Codes are listed below:

1.	Func prod;  
2.	prod(x, y) += A(k, y) * B(x, k);  
3.	gemm(x, y) = prod(x, y);  
5.	gemm.tile(x, y, xi, yi, 16, 32)  
6.	    .fuse(x, y, xy).parallel(xy)  
7.	    .split(yi, yi, yii, 4)  
8.	    .vectorize(xi, 8)  
9.	    .unroll(xi)  
10.	    .unroll(yii);  
12.	prod.compute_at(gemm, yi)  
13.	    .vectorize(x, 8).unroll(y);  
15.	prod.update()  
16.	    .reorder(x, y, k)  
17.	    .vectorize(x, 8)  
18.	    .unroll(x)  
19.	    .unroll(y)  
20.	    .unroll(k, 2);

execution result

root@bd3faab0f079:/AutoKernel/doc/tutorials/data# ./ 6
step =  6
M N K = 640 640 640     err 0.00        [rep 50] autokernel | blas      3.1824 ms       1.1373 ms

The performance of this step has been optimized by nearly 80 times from STEP1, and the performance is getting closer and closer to OpenBlas.

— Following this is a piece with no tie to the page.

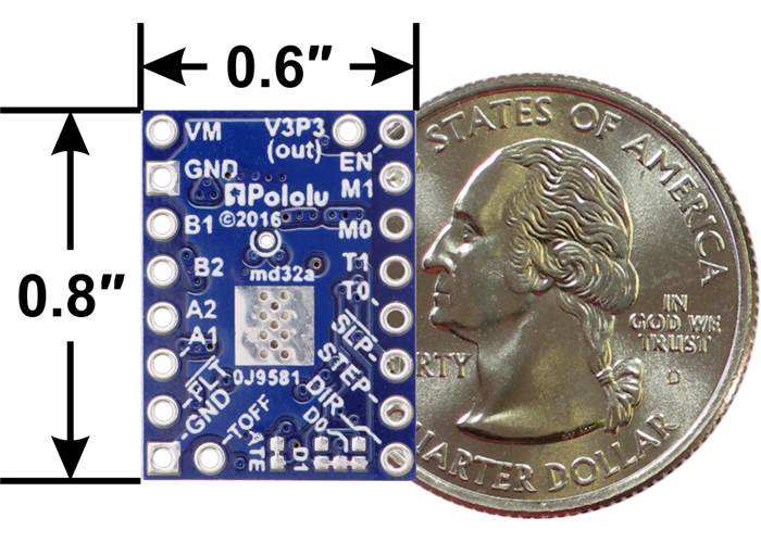 This product is a carrier board or breakout board for TI’s DRV8880 low-voltage stepper motor driver; we therefore recommend careful reading of the DRV8880 datasheet (2MB pdf) before using this product. This stepper motor driver lets you control one bipolar stepper motor at up to 1.6 A output current per coil (see the Power Dissipation Considerations section below for more information). Here are some of the driver’s key features: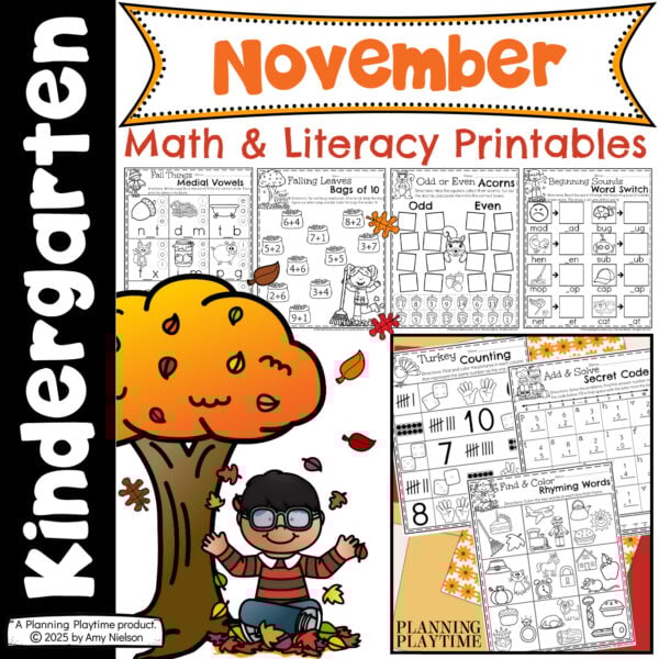 Looking for fun, November Kindergarten Worksheets? These cute fall printables cover counting, addition, subtraction, writing, site words and more.

STEP 7The operation added in this step is to rearrange the data of matrix B to make the memory read smoother when calculating the small kernel 16x8. Because the x dimension of the small kernel is divided according to 16, the x dimension of rearranged data B is also rearranged according to 16.


Codes are listed below:

1.	Func B_interleave("B"), Bs("Bs");  
2.	Bs(x, y, xo) = B(xo * 16 + x, y);  
3.	B_interleave(x, y) = Bs(x % 16, y, x / 16);  
5.	Func prod;  
6.	prod(x, y) += A(k, y) * B_interleave(x, k);  
7.	gemm(x, y) = prod(x, y);  
9.	gemm.tile(x, y, xi, yi, 16, 32)  
10.	    .fuse(x, y, xy).parallel(xy)  
11.	    .split(yi, yi, yii, 4)  
12.	    .vectorize(xi, 8)  
13.	    .unroll(xi)  
14.	    .unroll(yii);  
16.	prod.compute_at(gemm, yi)  
17.	    .vectorize(x, 8).unroll(y);  
19.	prod.update()  
20.	    .reorder(x, y, k)  
21.	    .vectorize(x, 8)  
22.	    .unroll(x)  
23.	    .unroll(y)  
24.	    .unroll(k, 2);  
25.	Bs.compute_root()  
26.	    .split(y, yo, yi, 16)  
27.	    .reorder(x, yi, xo, yo)  
28.	    .unroll(x)  
29.	    .vectorize(yi).parallel(yo, 4);  

execution result

root@bd3faab0f079:/AutoKernel/doc/tutorials/data# ./ 7
step =  7
M N K = 640 640 640     err 0.00        [rep 50] autokernel | blas      1.1957 ms       1.1425 ms

So far, every step of our tuning strategy has always been optimized around the two optimization purposes “optimizing memory access” and “improving parallelism”. In the end, the performance is almost the same as OpenBlAS, and the distance from STEP1 has been accelerated by 200+ times.